◆ Task to carry out: Please return the records below exactly as they stand, with the pictures removed.

◆ Study material:
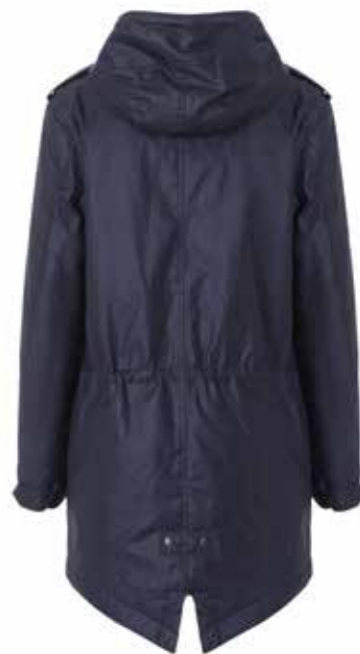
Parka Samsøe Samsøe
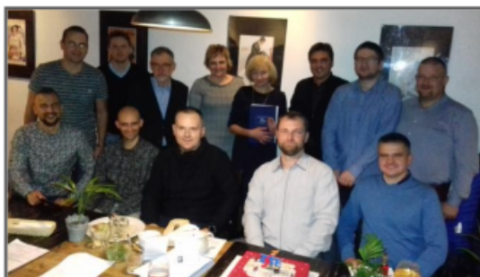
Spotkanie klasy V E, która ukończyła naszą szkołę w 2004 r.

Pamiętamy o Absolwentach, a oni pamiętają o nas
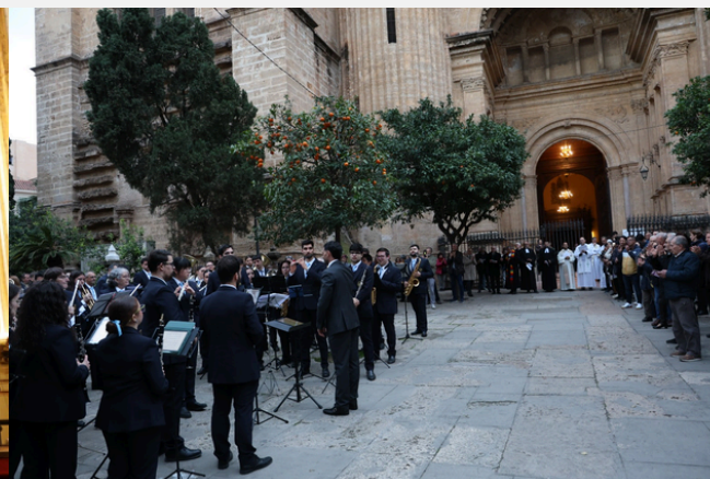
ÖKUMENISCHER DIENST SERVICIO ECUMÉNICO RELIGIOSO
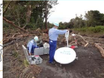
被災現場での監視カメラの設置
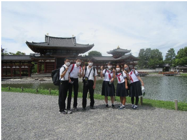
平等院鳳凰堂(宇治)
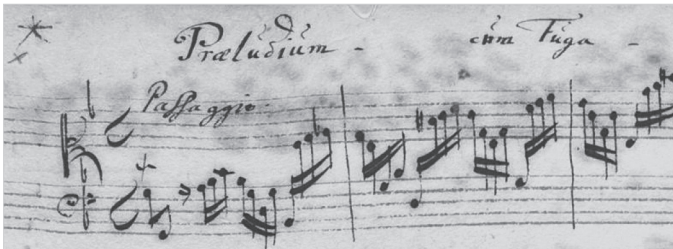
Abbildung 1: Möller-Manuskript, f. 44r, Beginn von BWV 535.

Der Begriff des Passaggio im Sinne von »geschwinde Läufe« 7 für den improvisatorischen Einstieg in das Präludium lässt sich bei Buxtehude selbst nicht nachweisen, tritt jedoch beim jungen Johann Sebastian Bach auf. In der sog. Möller'schen Handschrift aus der Zeit um 1705 8 findet sich unter den wenigen erhaltenen frühen autographen Niederschriften Bachs die Aufzeichnung des Präludiums in g (BWV 535). Dort trägt die ausgedehnte einstimmige manualiter -Passage zu Beginn des Werkes, die mit dem pedaliter -Akkord in Takt 7 ihren Abschluss findet, von der Hand Bachs die Bezeichnung »Passaggio« (Abb. 1):
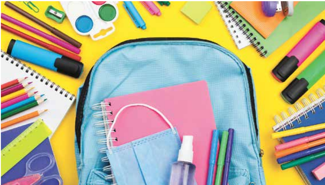
Crianças estão mais suscetíveis a produtos com personagens e logotipos e acessórios licenciados

Para dúvidas ou mais informações o telefone do Procon Indaiatuba é (19) 3816-9254. O consumidor também pode entrar em contato pelo e-mail: juridico.procon@indaiatuba.sp.gov.br . Ou presencialmente, das 8h às 17h, de segunda a sexta-feira no Ponto Cidadão, localizado na rua Vinte e Quatro de Maio, 1670.
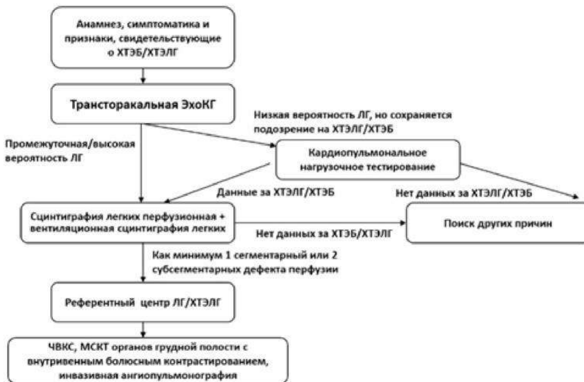
Таблица 18. Выполнение стандарта обследования в зависимости от уровня медицинского учреждения

Рисунок 3. Алгоритм обследования больного с подозрением на хроническую тромбоэмболическую легочную гипертензию и хроническую тромбоэмболическую болезнь (адаптировано из Wilkens H, et al., 2018) [33]
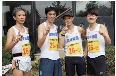
ヤマ時計店と富来 a c
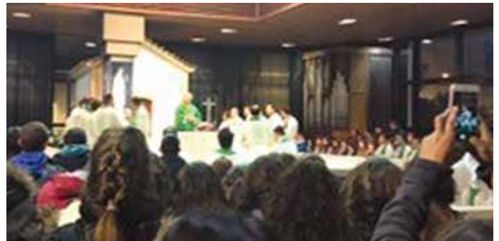
Grupo espanhol ofereceu uma custódia ao Santuário de Fátima

«Começamos geralmente em novembro com cartas dirigidas às paróquias, aos mosteiros e conventos para que rezem
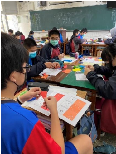
說明：解說與示範遊戲規則
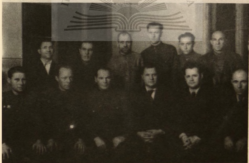
Встреча с коммунистами завода "Красный Аксай", 1947 г.
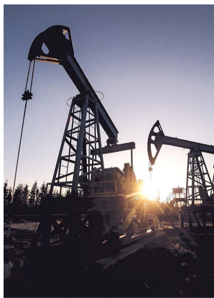
НА ФОТО: ЗАКРОМА РОДИНЫ

61% опрошенных ответили, что Россия сейчас не может жить без продажи нефти, в 2012 году, когда цены на нефть были больше, чем в 2017, таковых было 56%. При этом надо отметить, что в 2012 году 49% респондентов отмечали, что сырьевая модель экономики России, когда наибольшие доходы страна получает от экспорта сырья, — это неправильно, только 27% не видели в этом чего-то плохого. К 2017 году процентная доля думающих так возросла до 46%, а число тех, которым казалось, что «экономика трубы» — это неприемлемо, сократилось до 41%. Очевидно, что наступивший социально-экономический кризис заставил россиян
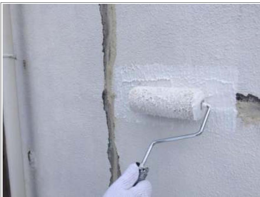
外壁 下地処理施工中
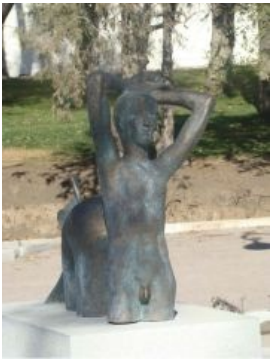
Подарок на юбилей — статуя «Мечта педофила»

центральной площади работы питерских архитекторов, очевидно, с непривычки переборщивших с местным ганджубасом. Особенным успехом пользуются памятник левитирующей тётке, Зелёное муженщино и «Мечта педофила» в лучших традициях ЦарьЭтелли и прочих мозго-ахтунгов.
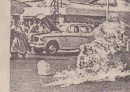
வியட்நாமில் தீக்குளித்த புத்தபிக்கு...
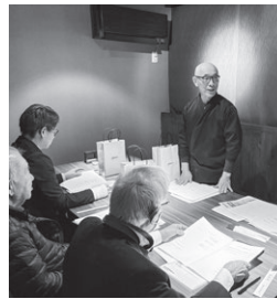
東三河ブロック 12月15日(月) 飛騨路
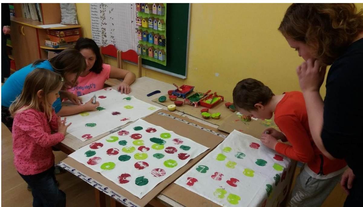
Vánoční tvoření v ŠD - prosinec 2019
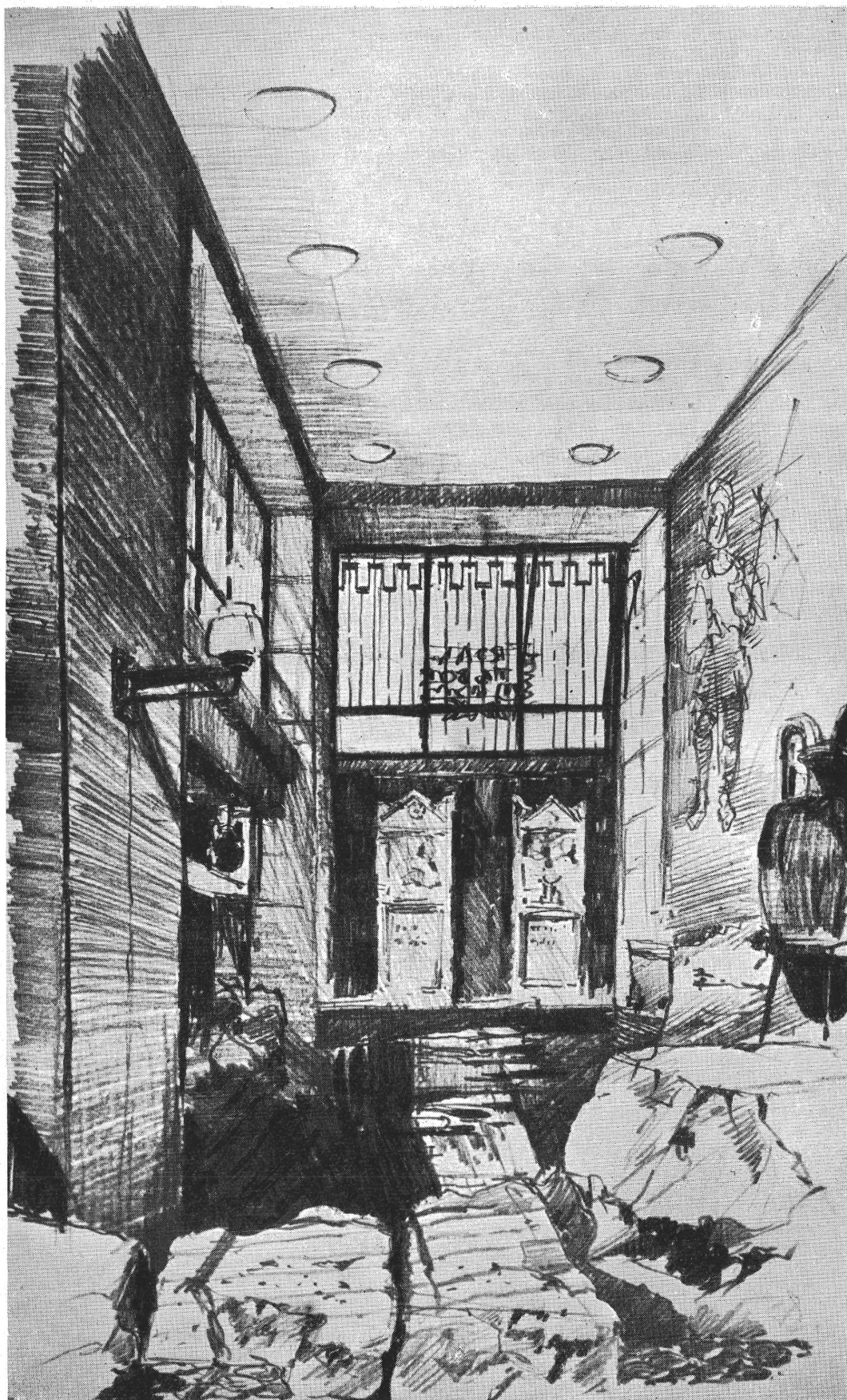
5. kép. A nagyterem belseje. Pfannl Egon rajza

◆ Finished task:
Parka Samsøe Samsøe
Spotkanie klasy V E, która ukończyła naszą szkołę w 2004 r.

Pamiętamy o Absolwentach, a oni pamiętają o nas
ÖKUMENISCHER DIENST SERVICIO ECUMÉNICO RELIGIOSO
被災現場での監視カメラの設置
平等院鳳凰堂(宇治)
Abbildung 1: Möller-Manuskript, f. 44r, Beginn von BWV 535.

Der Begriff des Passaggio im Sinne von »geschwinde Läufe« 7 für den improvisatorischen Einstieg in das Präludium lässt sich bei Buxtehude selbst nicht nachweisen, tritt jedoch beim jungen Johann Sebastian Bach auf. In der sog. Möller'schen Handschrift aus der Zeit um 1705 8 findet sich unter den wenigen erhaltenen frühen autographen Niederschriften Bachs die Aufzeichnung des Präludiums in g (BWV 535). Dort trägt die ausgedehnte einstimmige manualiter -Passage zu Beginn des Werkes, die mit dem pedaliter -Akkord in Takt 7 ihren Abschluss findet, von der Hand Bachs die Bezeichnung »Passaggio« (Abb. 1):
Crianças estão mais suscetíveis a produtos com personagens e logotipos e acessórios licenciados

Para dúvidas ou mais informações o telefone do Procon Indaiatuba é (19) 3816-9254. O consumidor também pode entrar em contato pelo e-mail: juridico.procon@indaiatuba.sp.gov.br . Ou presencialmente, das 8h às 17h, de segunda a sexta-feira no Ponto Cidadão, localizado na rua Vinte e Quatro de Maio, 1670.
Таблица 18. Выполнение стандарта обследования в зависимости от уровня медицинского учреждения

Рисунок 3. Алгоритм обследования больного с подозрением на хроническую тромбоэмболическую легочную гипертензию и хроническую тромбоэмболическую болезнь (адаптировано из Wilkens H, et al., 2018) [33]
ヤマ時計店と富来 a c
Grupo espanhol ofereceu uma custódia ao Santuário de Fátima

«Começamos geralmente em novembro com cartas dirigidas às paróquias, aos mosteiros e conventos para que rezem
說明：解說與示範遊戲規則
Встреча с коммунистами завода "Красный Аксай", 1947 г.
НА ФОТО: ЗАКРОМА РОДИНЫ

61% опрошенных ответили, что Россия сейчас не может жить без продажи нефти, в 2012 году, когда цены на нефть были больше, чем в 2017, таковых было 56%. При этом надо отметить, что в 2012 году 49% респондентов отмечали, что сырьевая модель экономики России, когда наибольшие доходы страна получает от экспорта сырья, — это неправильно, только 27% не видели в этом чего-то плохого. К 2017 году процентная доля думающих так возросла до 46%, а число тех, которым казалось, что «экономика трубы» — это неприемлемо, сократилось до 41%. Очевидно, что наступивший социально-экономический кризис заставил россиян
外壁 下地処理施工中
Подарок на юбилей — статуя «Мечта педофила»

центральной площади работы питерских архитекторов, очевидно, с непривычки переборщивших с местным ганджубасом. Особенным успехом пользуются памятник левитирующей тётке, Зелёное муженщино и «Мечта педофила» в лучших традициях ЦарьЭтелли и прочих мозго-ахтунгов.
வியட்நாமில் தீக்குளித்த புத்தபிக்கு...
東三河ブロック 12月15日(月) 飛騨路
Vánoční tvoření v ŠD - prosinec 2019
5. kép. A nagyterem belseje. Pfannl Egon rajza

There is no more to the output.